StarFunc server

Online Services

●I-TASSER ●QUARK ●LOMETS ●COACH ●COFACTOR ●MUSTER ●SEGMER ●FG-MD ●ModRefiner ●REMO ●SPRING ●COTH ●BSpred ●SVMSEQ ●ANGLOR ●BSP-SLIM ●SAXSTER ●ThreaDom ●EvoDesign ●GPCR-I-TASSER ●BindProf ●BindProfX ●ResQ ●IonCom ●STRUM

●TM-score ●TM-align ●MMalign ●NWalign ●EDTSurf ●MVP ●MVP-Fit ●SPICKER ●HAAD ●PSSpred ●3DRobot ●I-TASSER-MR

●BioLiP ●E. coli ●GLASS ●GPCR-HGmod ●GPCR-RD ●GPCR-EXP ●TM-fold ●DECOYS ●POTENTIAL ●RW ●HPSF ●CASP7 ●CASP8 ●CASP9 ●CASP10 ●CASP11 ●CASP12

About StarFunc

StarFunc independently generates five sets of Gene Ontology (GO) predictions for a query protein using five component methods:

Sequence homolog search through the UniProt-GOA database using BLASTp.

Structure alignment between the structure of the query protein and template structure from the BioLiP2 and AlphaFold databases by Foldseek plus TM-align.

Protein-protein interaction (PPI) partners recorded by the STRING database.

Logistic regression models (one model per GO term) which use Pfam family matches as the input features.

Prediction from a deep learning model (InterLabelGO), which is an update of our previously developed ATGO model.

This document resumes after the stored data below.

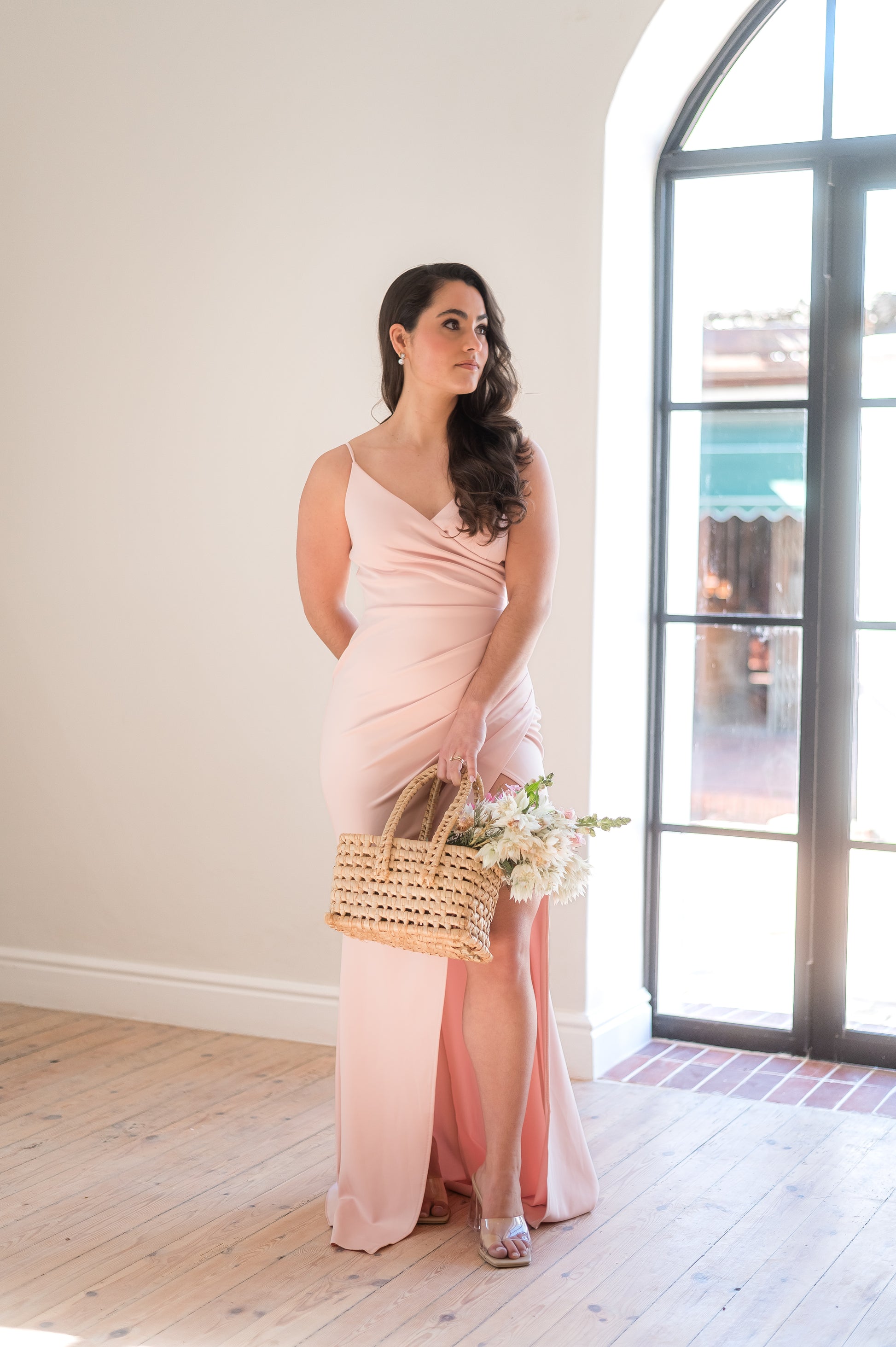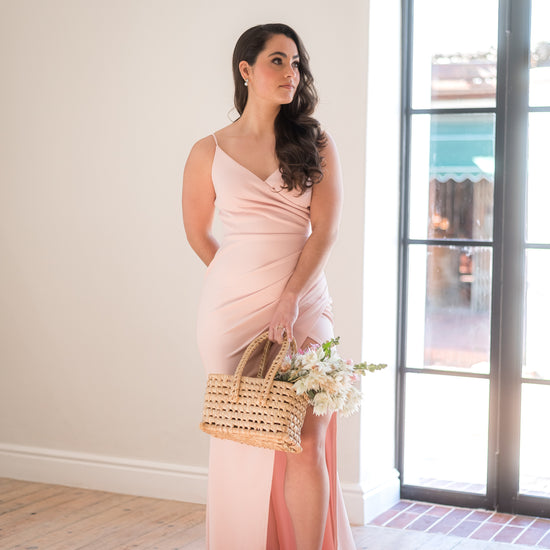 Thin strap, long-length bridesmaids dress.
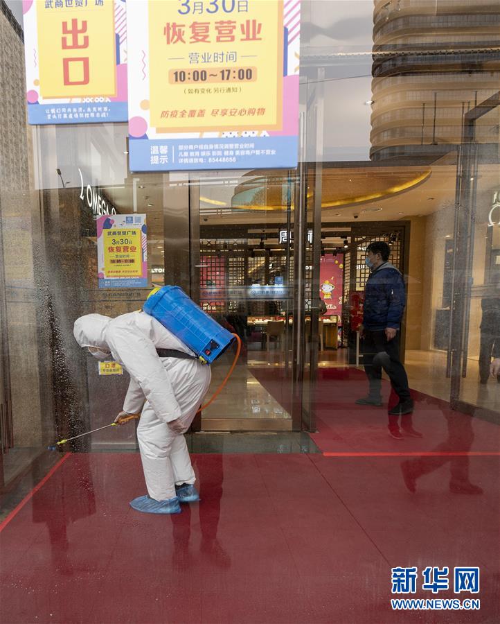 3月30日,在武商世貿(mào)廣場,工作人員在開門前進(jìn)行最后的消殺工作。當(dāng)日,武漢市多家商場開門迎客。新華社記者費(fèi)茂華攝
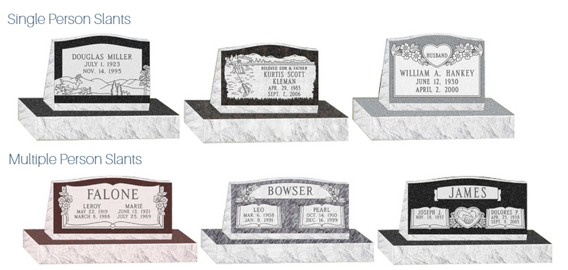 We have a selection book we would be happy to go through with you at your convenience, either in your home or by appointment at the funeral home 724-224-7730. In the meantime, so that you can be better prepared, we have selected representative markers, slants, and monuments we have obtained through our local vendor.
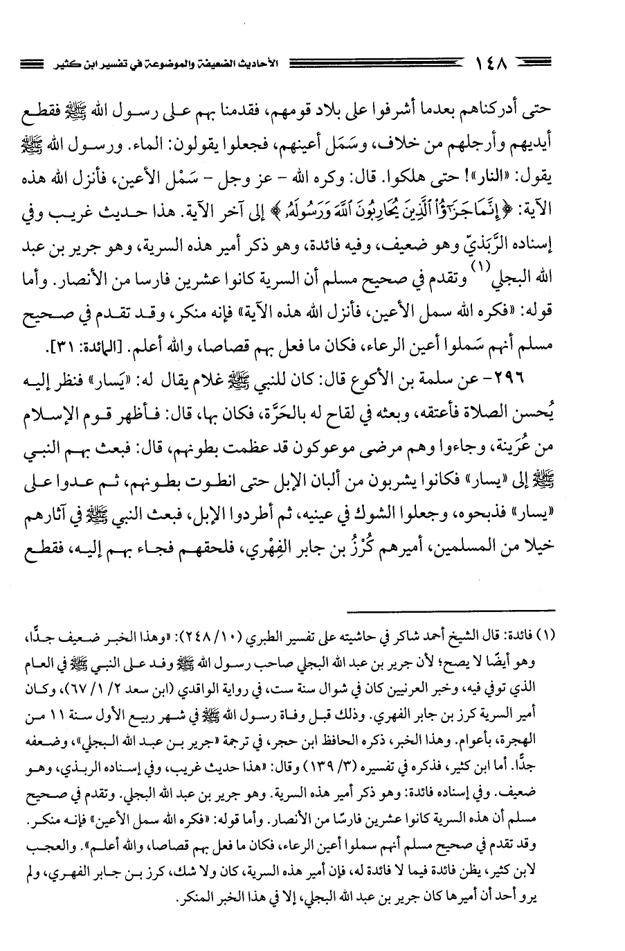 (¬1) فائدة: قال الشيخ أحمد شاكر في حاشيته على تفسير الطبري (10/ 248): "وهذا الخبر ضعيف جدًا، وهو أيضًا لا يصح؛ لأن جرير بن عبد الله البجلي صاحب رسول الله صَلَّى اللَّهُ عَلَيْهِ وَسَلَّمَ وفد على النبي صَلَّى اللَّهُ عَلَيْهِ وَسَلَّمَ في العام الذي توفي فيه، وخبر العرنيين كان في شوال سنة ست، في رواية الواقدي (ابن سعد 2/ 1/67)، وكان أمير السرية كرز بن جابر الفهري. وذلك قبل وفاة رسول الله صَلَّى اللَّهُ عَلَيْهِ وَسَلَّمَ في شهر ربيع الأول سنة 11 من الهجرة، بأعوام.
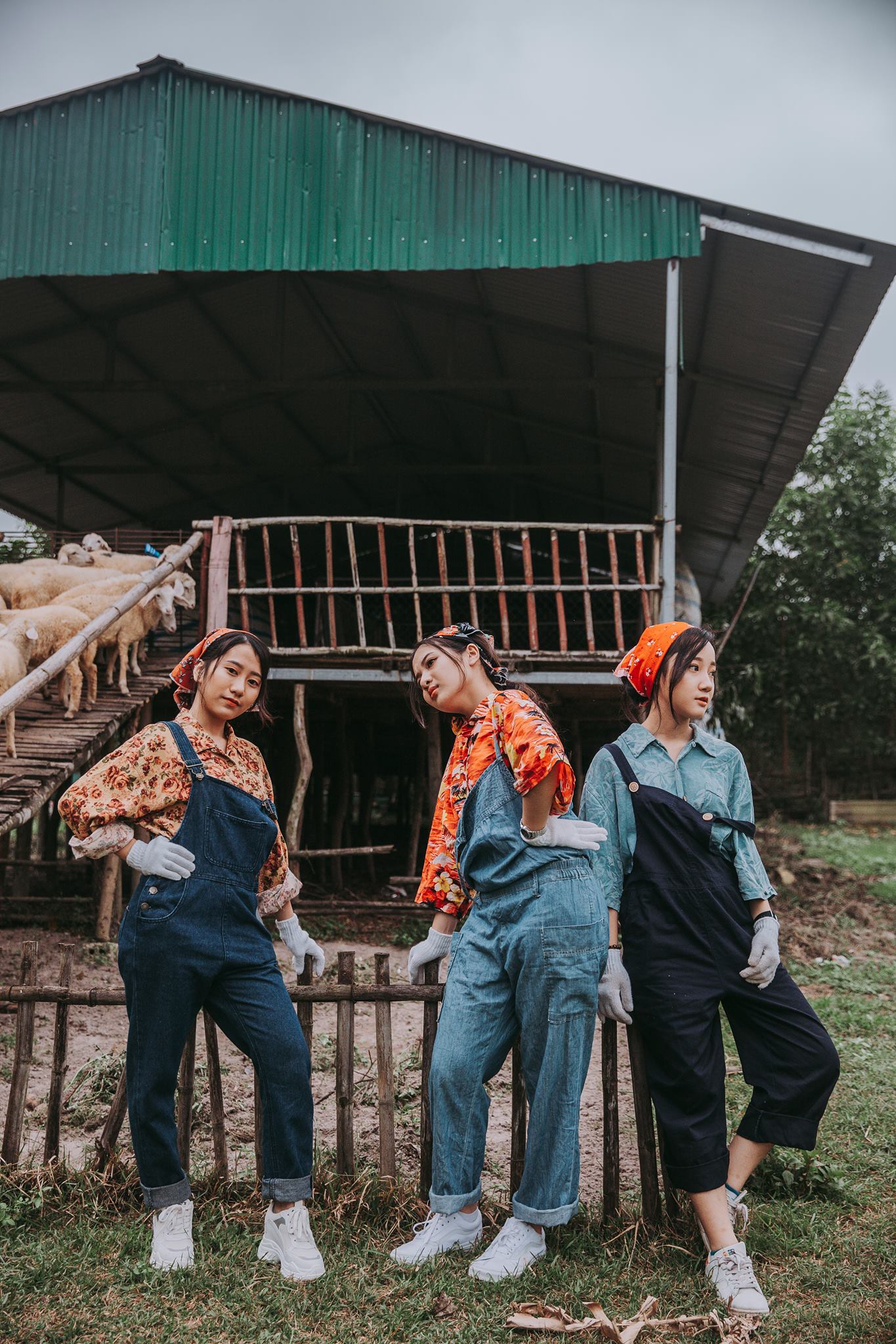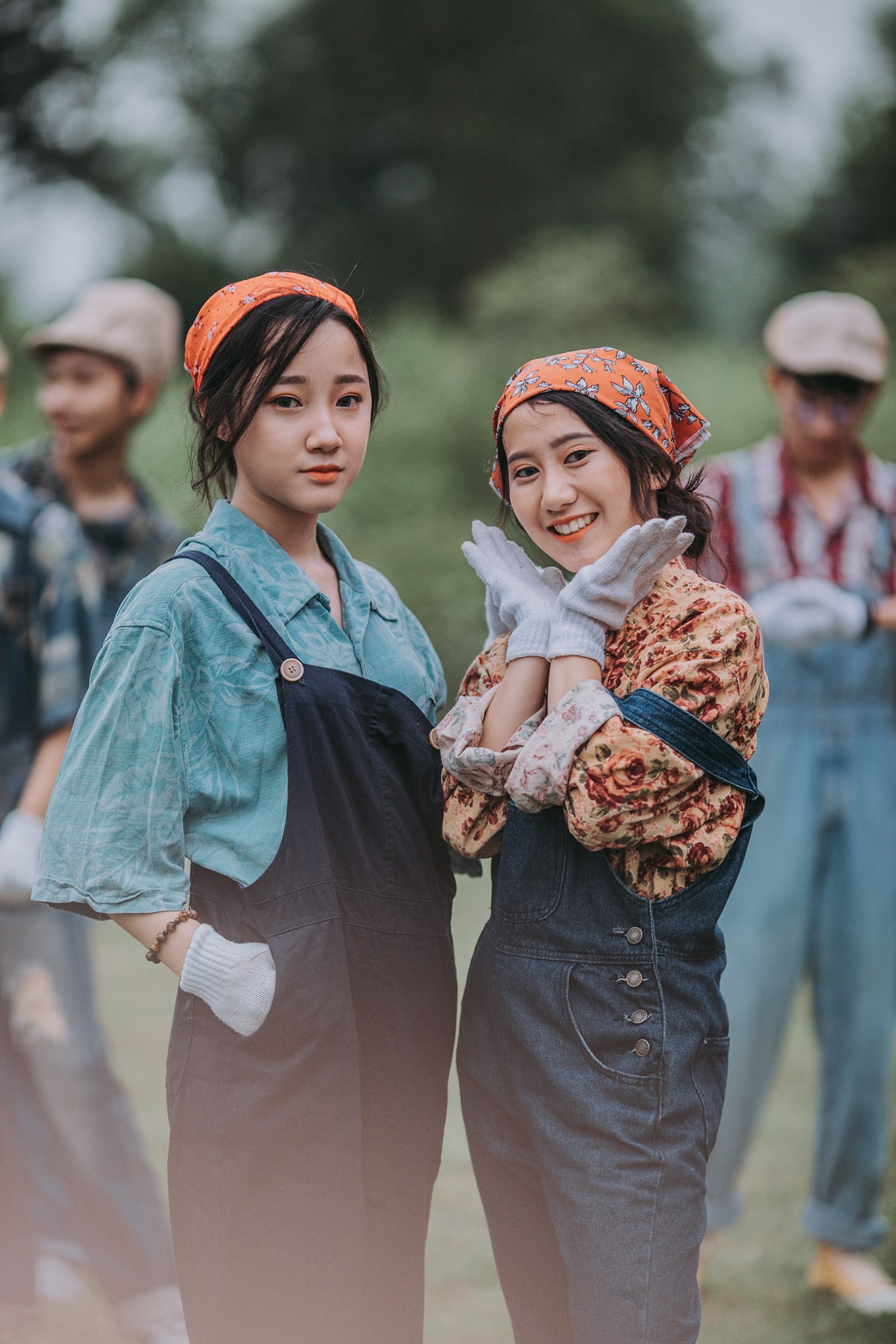 Những chiếc khăn trùm đầu vốn phụ kiện làm đẹp nhưng rất hợp với concept “nét đẹp lao động ở nông trường”.

The prediction scores from these five components, as well as the background frequency of the GO term in the UniProt-GOA database, are used as six input features to apply random forest models (five models per GO aspect of MF, BP and CC) to derive the consensus score used for final function predictions.

Server Input

The user must upload a PDB formatted structure file of query protein. User have the option to either paste the PDB file in the provided form or upload the file using the browse button. If the PDB file contains multiple protein chains and/or multiple models, first protein chain of the first model will be automatically selected by the program, and all other chains will be ignored. Providing an e-mail address is recommended for receiving the prediction results.

Server Output

The output webpage contains six annotations panels.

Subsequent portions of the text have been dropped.